Saturday 23 November 2019

Tories On The Streets Of My Town

Image result for tory rosette worst burlesque

The first clue I got that the 2017 General Election wasn't going well for the Conservatives was when our local MP turned up in town pressing the flesh two or three weeks before polling day.  They never do that.  Political parties know about voters, and they generally deploy their resources where they are of most use.  This is solid Tory territory so they don't need to do anything here.  The vote is solid and it gets itself out.  I picked up some other straws in the wind as well.  But even so I was swayed by the opinion polls and the general tone of the media coverage and so was as shocked as anyone to find that the Tories had not only gone backwards, but that Labour had been within a gerbil's tail of actually winning the popular vote.
That experience is one of the reasons I have chosen to actively avoid all coverage of the general election and judge it solely on the parties' own literature and what I hear people saying.  And of course, observations of what can be seen on the ground.  So far I've heard one person dismissing manifestos in general as being over-optimistic.  And that's err, it. If the people I mix with are anything to go on, nobody is talking much about the election.   I haven't seen any posters up either.  Not one single one.  Not a sausage.

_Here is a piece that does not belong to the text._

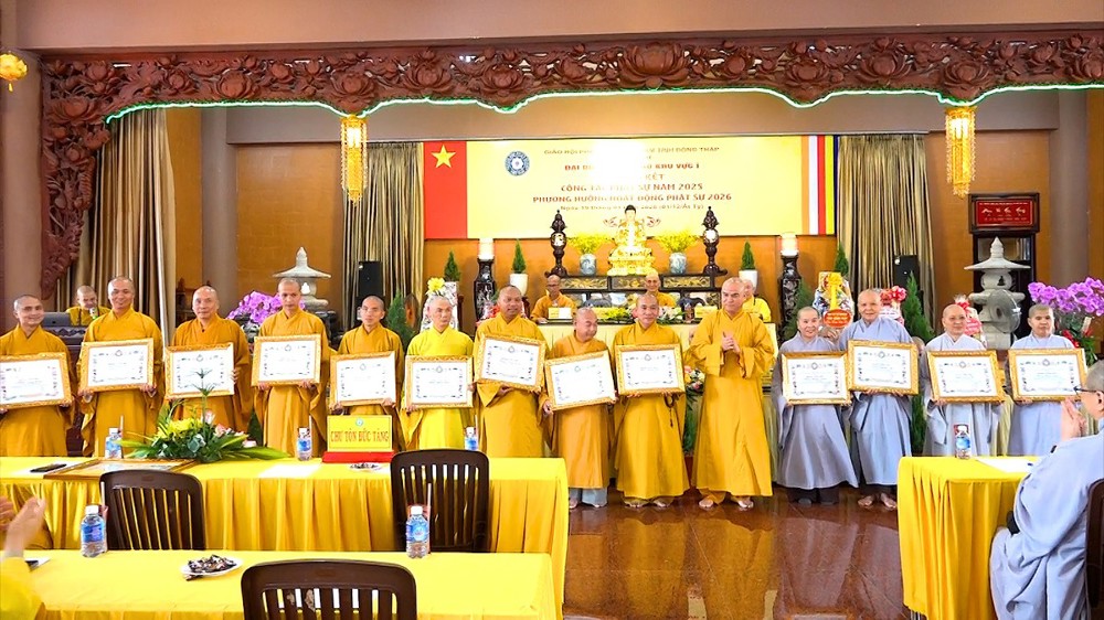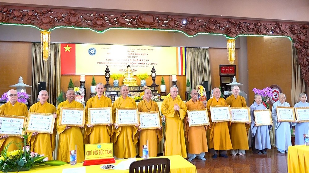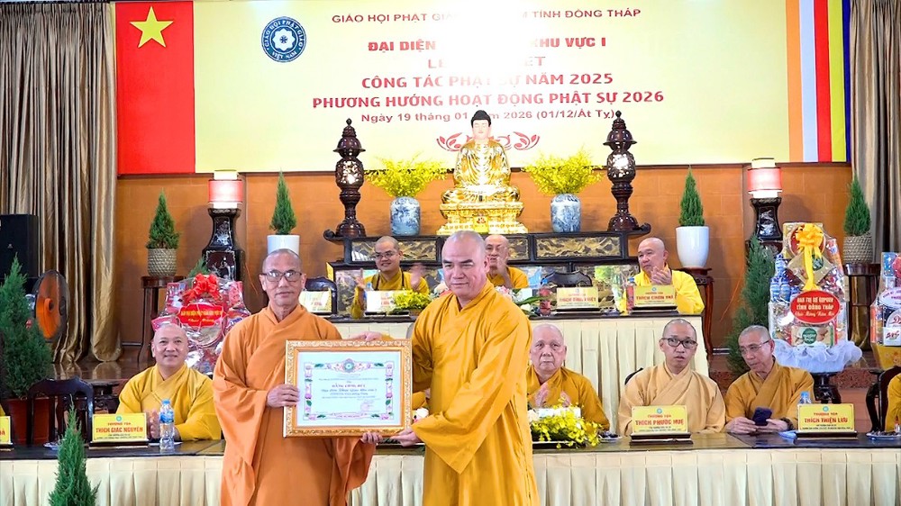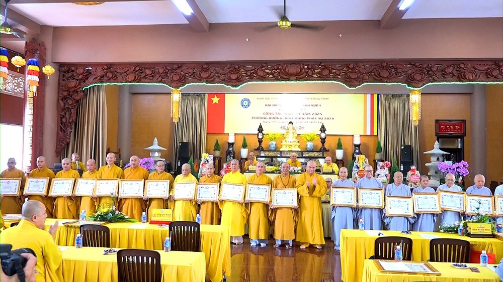 Để ghi nhận những đóng góp to lớn đó, Ban Trị sự GHPGVN tỉnh Đồng Tháp đã trao tặng Bằng Công đức cho chư Tôn đức Trưởng, Phó khu vực I cùng chư Tôn đức trụ trì các tự viện đã có thành tích xuất sắc trong công tác Phật sự năm qua.

But today the election burst out in the open with three, yes three, people in Tory rosettes handing out literature in the market square.   One of them looked like his exertions would be placing a further burden on the NHS any day now.  The other two were early middle aged and looked quite normal.   I clocked them for as long as possible without looking weird and they seemed to be attracting nothing but indifference.  Of about 20 attempts to give out a leaflet only 3 were accepted.  I don't know how the activists themselves were judging it, but to my eyes they weren't really making much impact at all.

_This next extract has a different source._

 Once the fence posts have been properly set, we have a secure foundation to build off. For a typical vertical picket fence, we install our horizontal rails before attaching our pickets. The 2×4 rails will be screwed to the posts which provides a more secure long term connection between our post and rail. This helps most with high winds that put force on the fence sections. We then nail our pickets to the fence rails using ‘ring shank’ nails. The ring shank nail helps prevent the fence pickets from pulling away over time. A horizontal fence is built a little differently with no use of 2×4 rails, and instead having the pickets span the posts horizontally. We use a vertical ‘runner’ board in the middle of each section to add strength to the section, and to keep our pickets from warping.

So my conclusion is the one I should have drawn in 2017 but didn't.  The Conservatives are not doing very well in an area that would expect to be able to take to the bank in a normal election. That doesn't necessarily mean very much.  The Conservative majority around here is very comfortable around here both literally and metaphorically.  The concern may be purely an internal one.  A fairly liberal Conservative MP who has been at loggerheads with his local party has chosen not to fight the seat and his successor may feel he has something to prove by not losing any more support than his predecessor did.

Having no data to go on I don't know how the national campaign is going so I am still frozen in the point of time when I tuned out - when it looked like Labour were heading for the hiding of a lifetime.  I'll keep my eyes and ears open as the sand runs down the hourglass.  Politics has been nothing if not unpredictable in recent years.